Confidence levels (from the issuer)

[denkeni]

It could be helpful to add a new field of confidenceLevel or assuranceLevel, allowing the issuer to indicate how it authenticated the subject before issuing the credential.

The value could be some widely adopted frameworks, such as:

• Identity Assurance Level (IAL) 1-3 from NIST SP 800-63
• Levels of Assurance (LoA) 1-4 from ISO/IEC 29115
• Assurance level low, substantial, high from eIDAS Article 8
• …etc.

In practice, some high-risk services (e.g., banking) might only accept credentials with the highest assurance level, while most other applications do not require that.

This addition would be informative and contribute to the broader trust model described in VCDM 2.0.

[TallTed]

It could be helpful to add a new field of confidenceLevel or assuranceLevel, allowing the issuer to indicate how it authenticated the subject before issuing the credential.

The suggested fields (confidenceLevel or assuranceLevel) don't make intuitive sense to me, and I cannot support nor advise continuing to use them to describe how anything was authenticated, whether that is the identity of the VC requester/recipient or an attribute of that or any other entity. (These lexical values are technically opaque, but that is not how most humans will read them. They are constructed from English words, and most readers will understand those words as keeping their commonly understood meanings, no matter what the intent nor the officially published meanings of such fieldnames.)
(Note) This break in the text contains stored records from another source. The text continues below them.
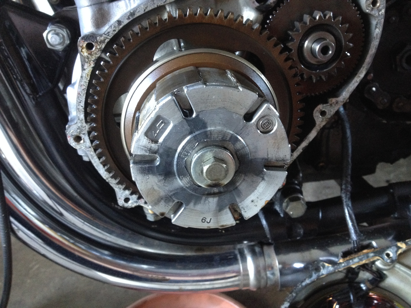 ...but the 3 8mm bolts to fix the rotor to the freewheel-cluth have been very tight, no loose,..but the little rod between the was broken..(.all in all a typical damage, in the last more than 4 decades, i´ve had this issue nearly often on all my Kawasakis, only my Z1B havn´t had this in 20 years of hard using..)
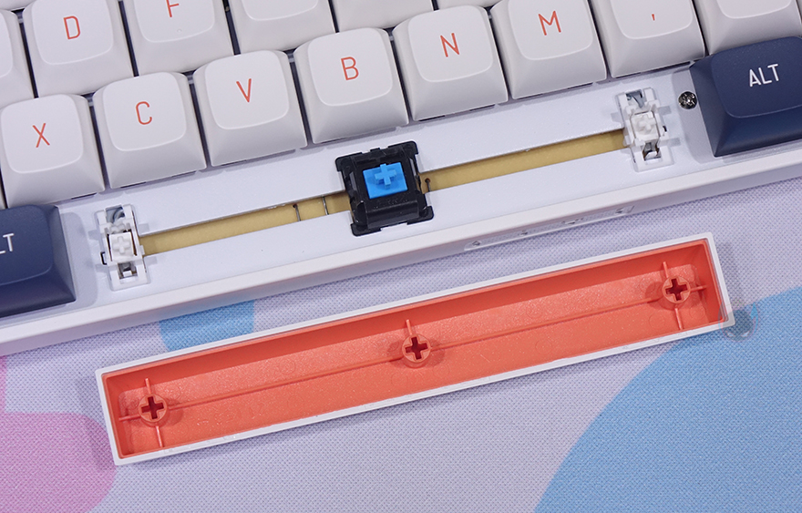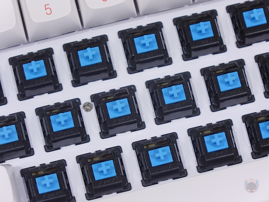 그리고, 스위치는 A100과 동일하게 A108에서도 JERRZI 스위치가 적용되었으며, 역시 청축과 황축 2가지로만 출시되었습니다. 또한, 스위치 분리가 가능한 핫-스왑(hot-swap) 방식 역시 그대로 유지하고 있는데, A100과 달리 A108에선 5pin 홈을 가지고 있어서 3pin과 5pin 스위치 모두 호환이 가능합니다. 또한, 스페이스-바 같은 키들의 스테빌라이저도 체리식으로 적용하고 있죠.
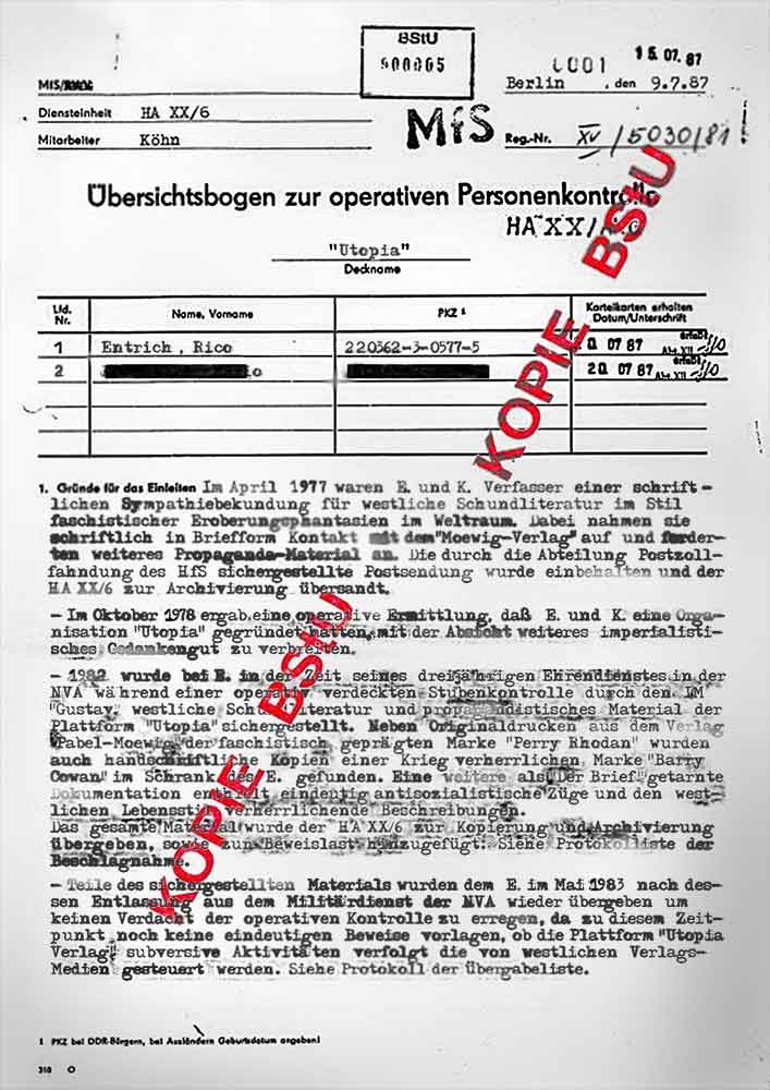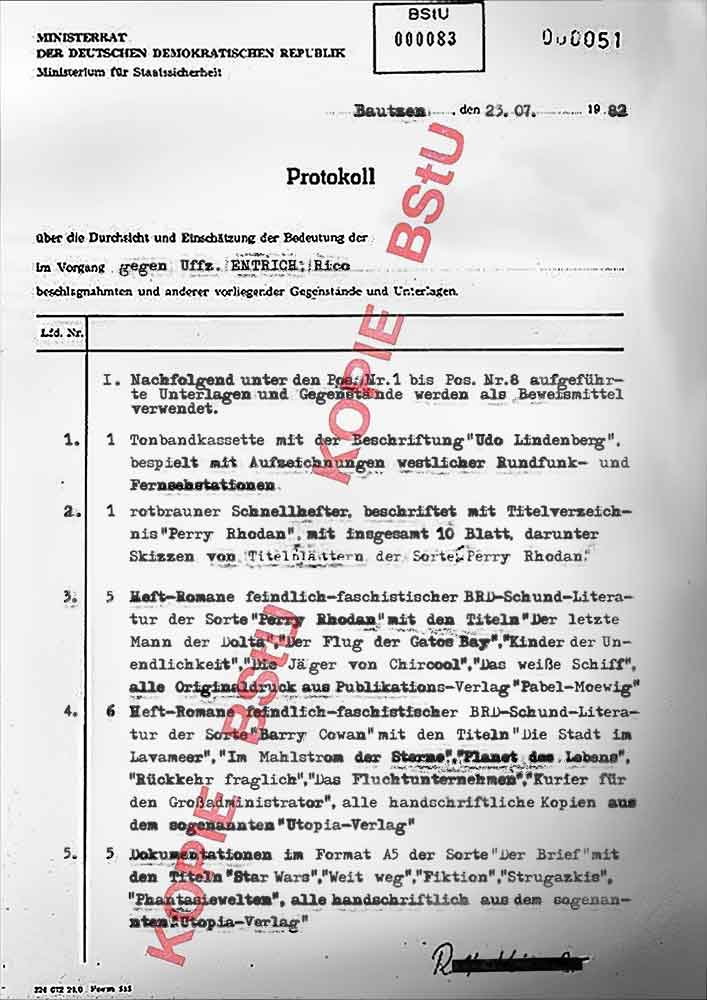 „… während einer operativ verdeckten Stubenkontrolle durch den IM ‚Gustav‘ wurde westliche Schund-Literatur und propagandistisches Material der Plattform ‚Utopia‘ sichergestellt.“  – Aktenvermerk –
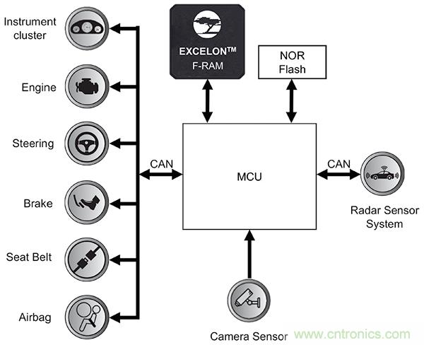 圖 4:汽車 ADAS 開發(fā)人員可以在基于微控制器 (MCU) 的設(shè)計(jì)中,將 Excelon F-RAM 器件(用于存儲關(guān)鍵數(shù)據(jù))與 NOR 閃存器件(常用于存儲固件或配置數(shù)據(jù))結(jié)合起來使用。(圖片:Cypress Semiconductor)
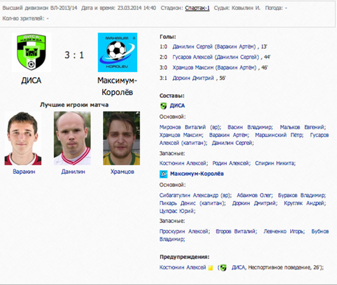 1:2 – победа «ДИСы», которая возвращается на шестую строчку в таблице, по пятам преследуя разыгравшееся «Коньково».
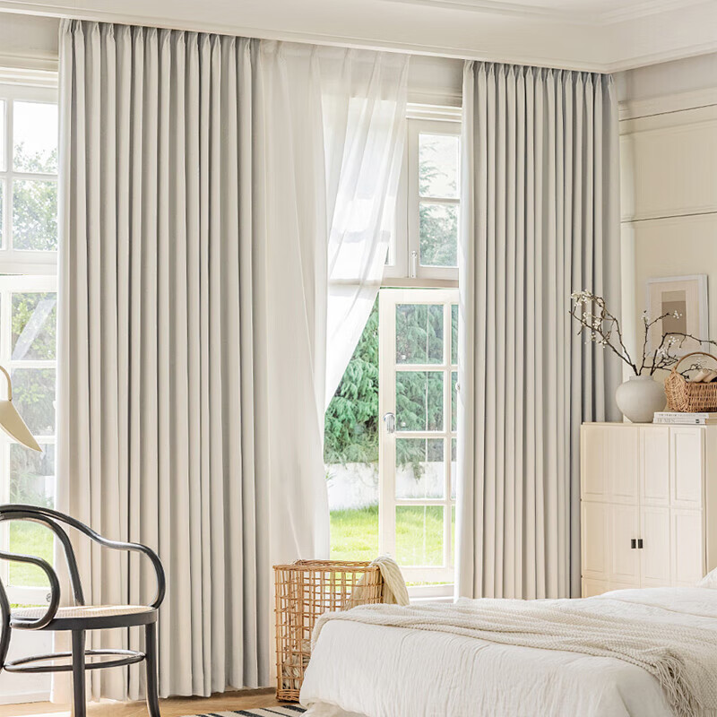 觉铭窗帘遮光卧室全遮光遮阳帘遮光帘 41梭椰奶色2宽*2高1片挂钩窗帘
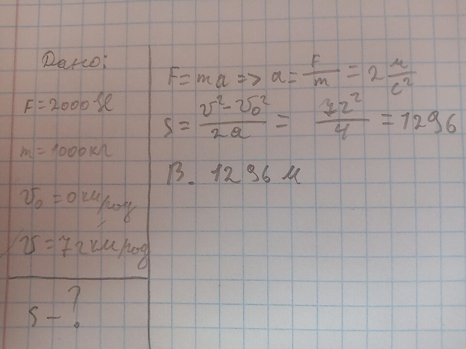 Срочно решите задачу!!! Желательно с дано : Сила тяги двигуна 2kh. На якій видстані автомобиль мама якого 1т розганяється від старту до 72 км/год
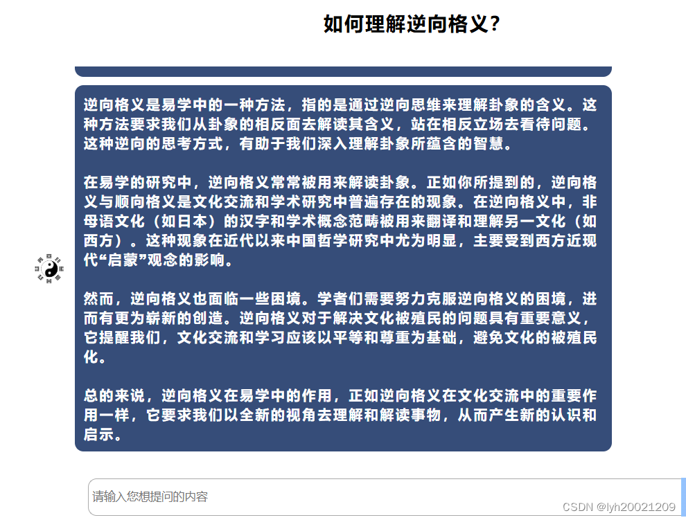 这里我问了大模型一个周易中“逆向格义”这个概念相关示例的问题:
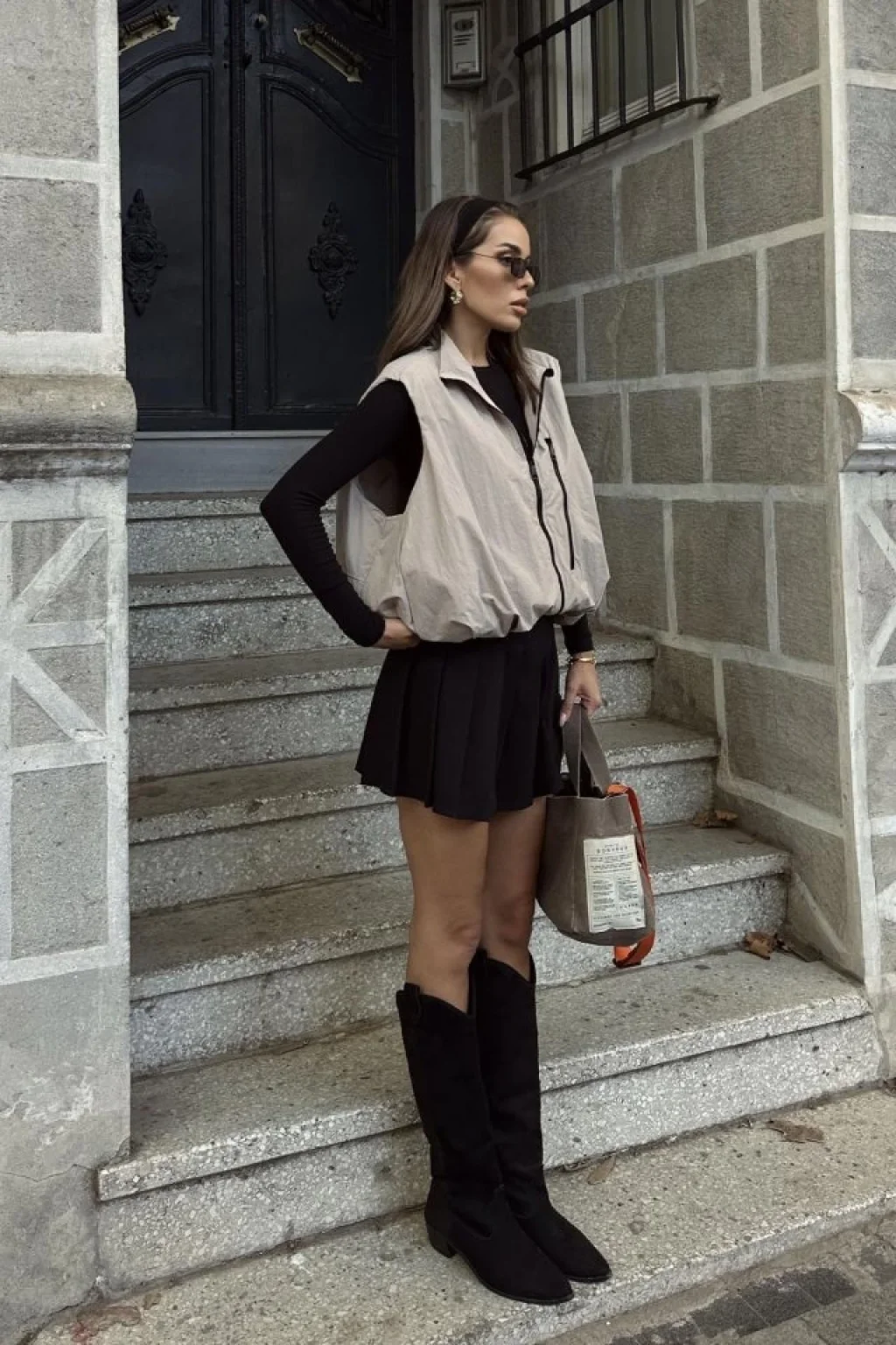 Yelekli Ve Pilise Etekli Triko Takım 10001
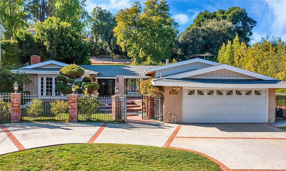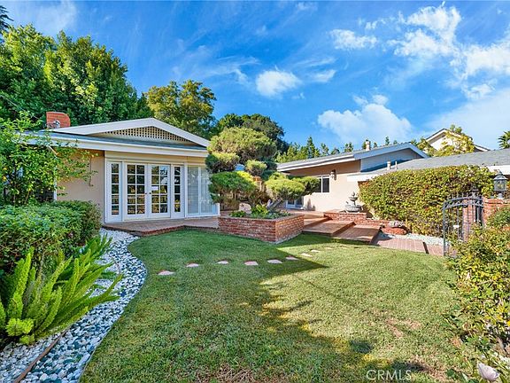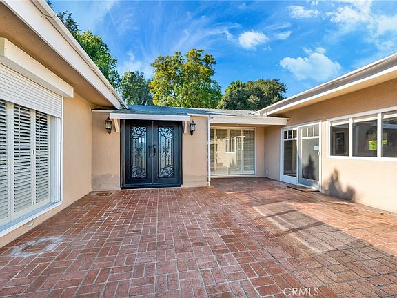 Delightful ranch-style, single-story, 3 bedroom, 2 bath, 2,529 sq ft home in prime Encino neighborhood, south of Ventura Boulevard. Appealing and convenient circular drive with brick accents and private, wrought-iron gated front courtyard with direct access to front door, kitchen, and family room, making it the perfect place to entertain or dine al-fresco. Custom double door entry opens to living area featuring abundant natural light, wood floors, recessed lighting, and crown moldings throughout. Sizable living room boasts large fireplace and hearth, wraparound windows with plantation shutters, and French doors opening to front courtyard. Formal dining rooms offers tray ceiling, mirrored wall, and floor to ceiling windows with plantation shutters overlooking the front courtyard as well. Chef’s kitchen features granite countertops, ample wooden cabinets, built in appliances, large kitchen island with built in range, wine fridge, and breakfast bar. The kitchen forms part of an open plan great room with good-sized, informal living area with sliding glass door access to front courtyard. Down the hall, the luxurious master suite enjoys a considerable walk-in closet, and sliding glass door access to back patio and pool area. Remodeled, en-suite master bath offers double sink vanity, soaking tub, separate shower with built-in bench, and sliding glass door access to the back yard. Two additional sizable bedrooms with ceiling fans and large windows share a ¾ hall bath. Dedicated laundry room off kitchen with direct access to 2-car garage. Backyard features pergola covered patio area, built-in BBQ area, and “pebble-tech” style pool, with privacy ensured by brick walls and high hedges. Situated in the highly desirable Lanai Elementary school area and close to shopping, dining, and recreation.
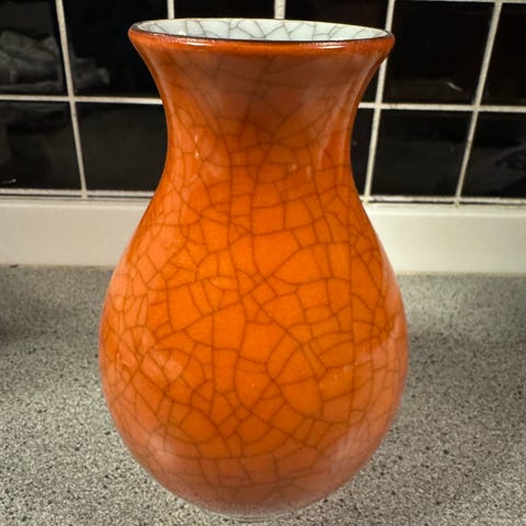 Royal Copenhagen krakeleret vase, orange med guldkant
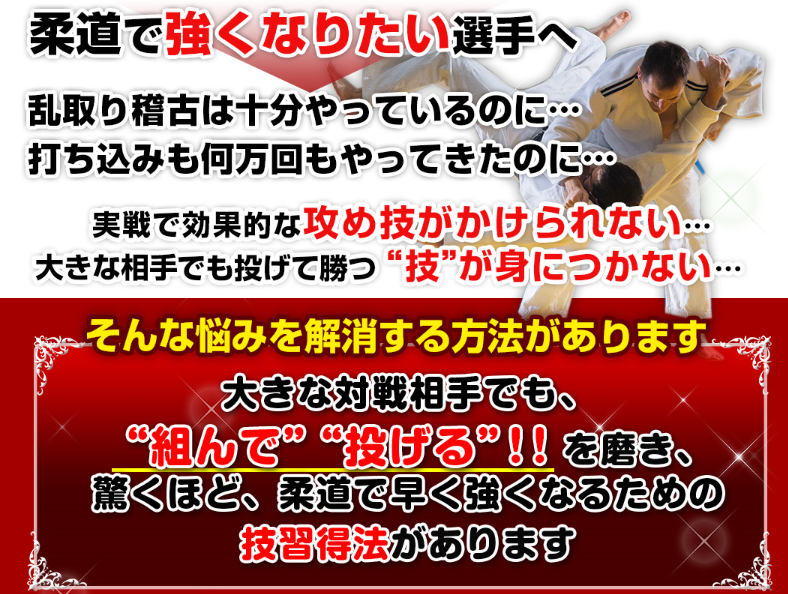 柔道の技術は力が全てではありません。いかに欠点を補う稽古を積んで、テクニックを磨くか?それをサポートするのがこのプログラムです。実践することで、きっと今のレベルを脱皮して、より高いレベルの柔道家に成長できるでしょう。
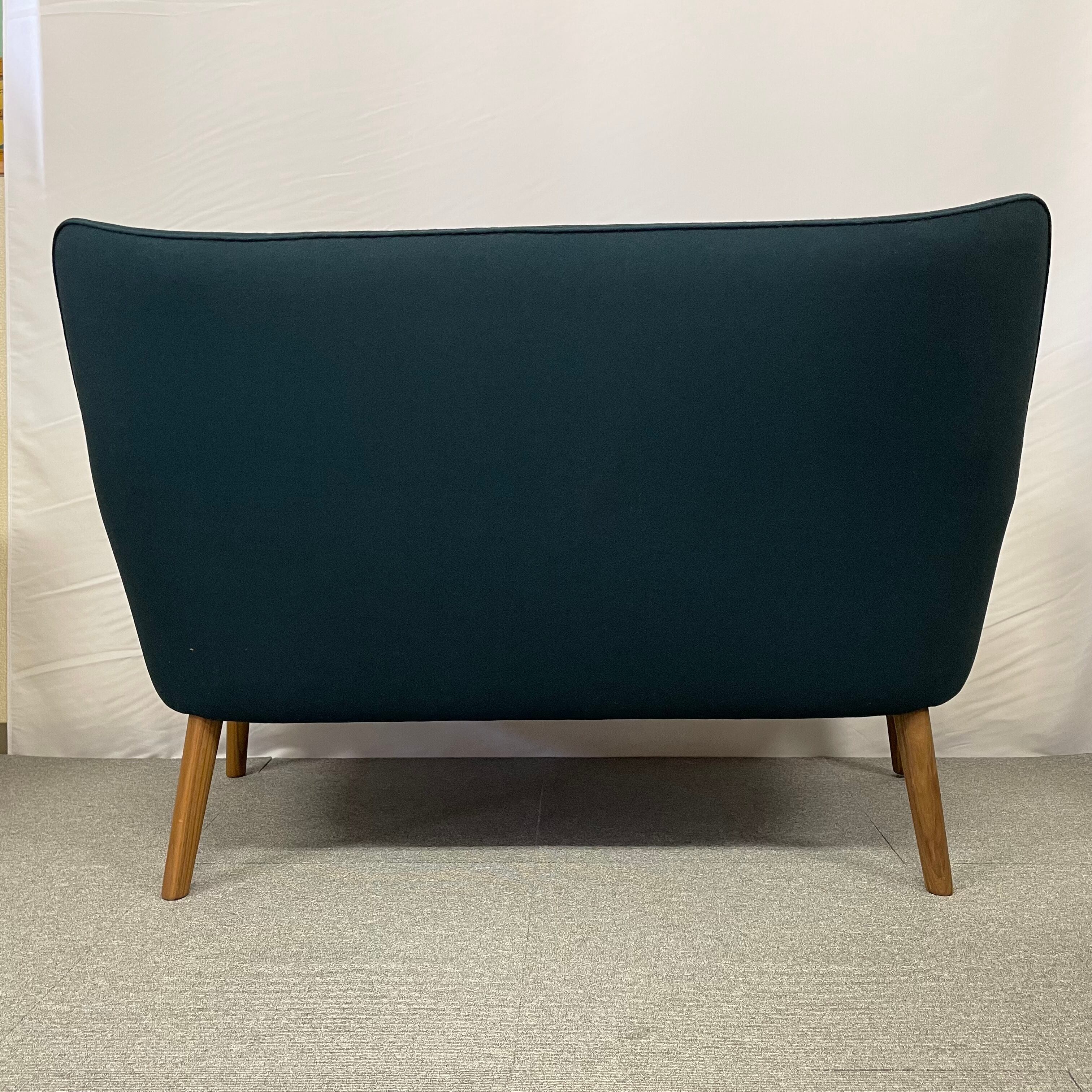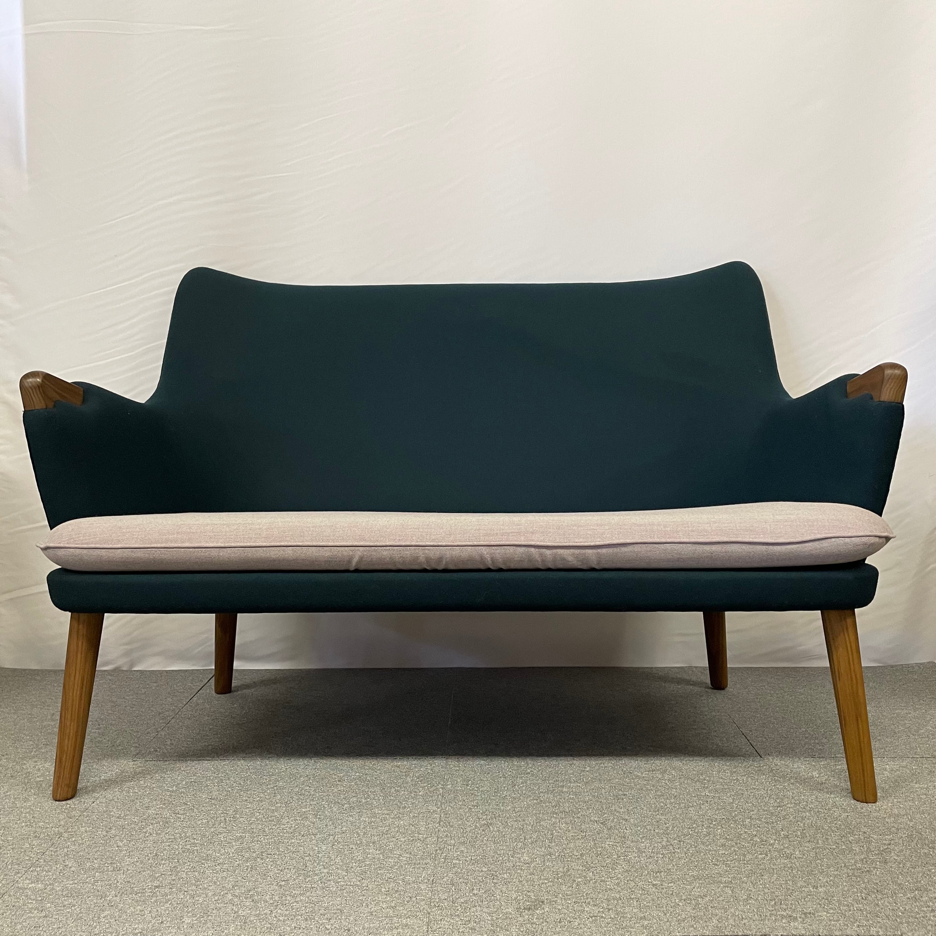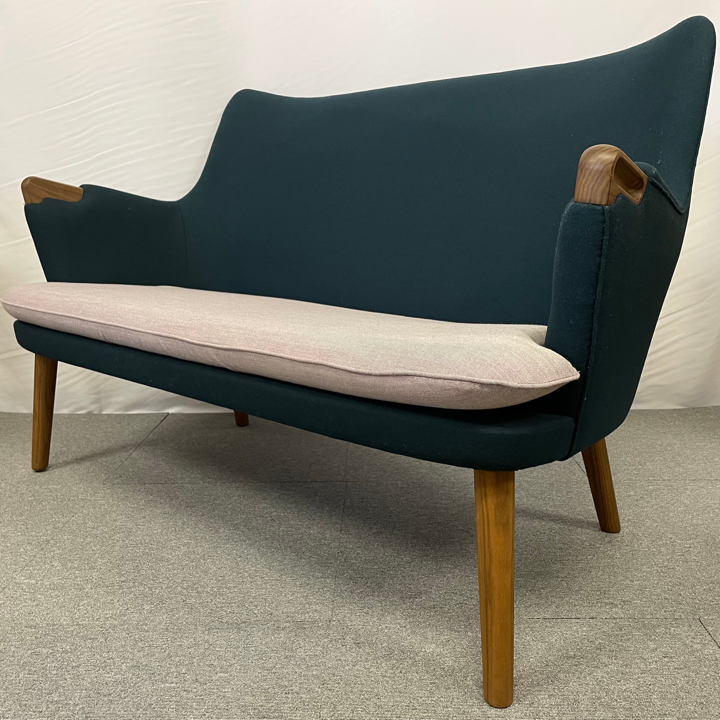 1952年にハンスJ.ウェグナーによってデザインされ、2018年に復刻されました。存在感がありながら、さほど場所を取らずに置くことができます。アーム部分と脚部はウォルナット材。

I am unspeakably disappointed in NIST, ISO/IEC, and eIDAS that they seem to be using (or have published sufficiently unclear descriptions that indicate to you that they are using) confidence and/or assurance to describe a method of authenticating a subject (which entity may not be involved in or even know about a VC's issuance at all!) before issuing a VC.

confidenceLevel and assuranceLevel imply to me (and will imply to most readers who read English) a subjective evaluation of confidence or assurance in some attribute's value, or in the source of that value.

confidenceMethod or assuranceMethod, on the other hand, might understandably be used to indicate how an Issuer evaluated the value of an attribute of a Subject — which could include the identifier (i.e., the URI that identifies) a Subject of the VC — before the VC was issued.

All that said...

This issue mostly feels to me like Verification business logic, which is the sole purview of the current Verifier, not any Issuer nor any previous Verifier nor any Subject. It is certainly possible for Verifiers in "high-risk services" to accept VCs only from a limited set of Issuers who use whatever confidenceMethod or assuranceMethod those Verifiers find acceptable, but this is not something that we can really standardize for all and sundry.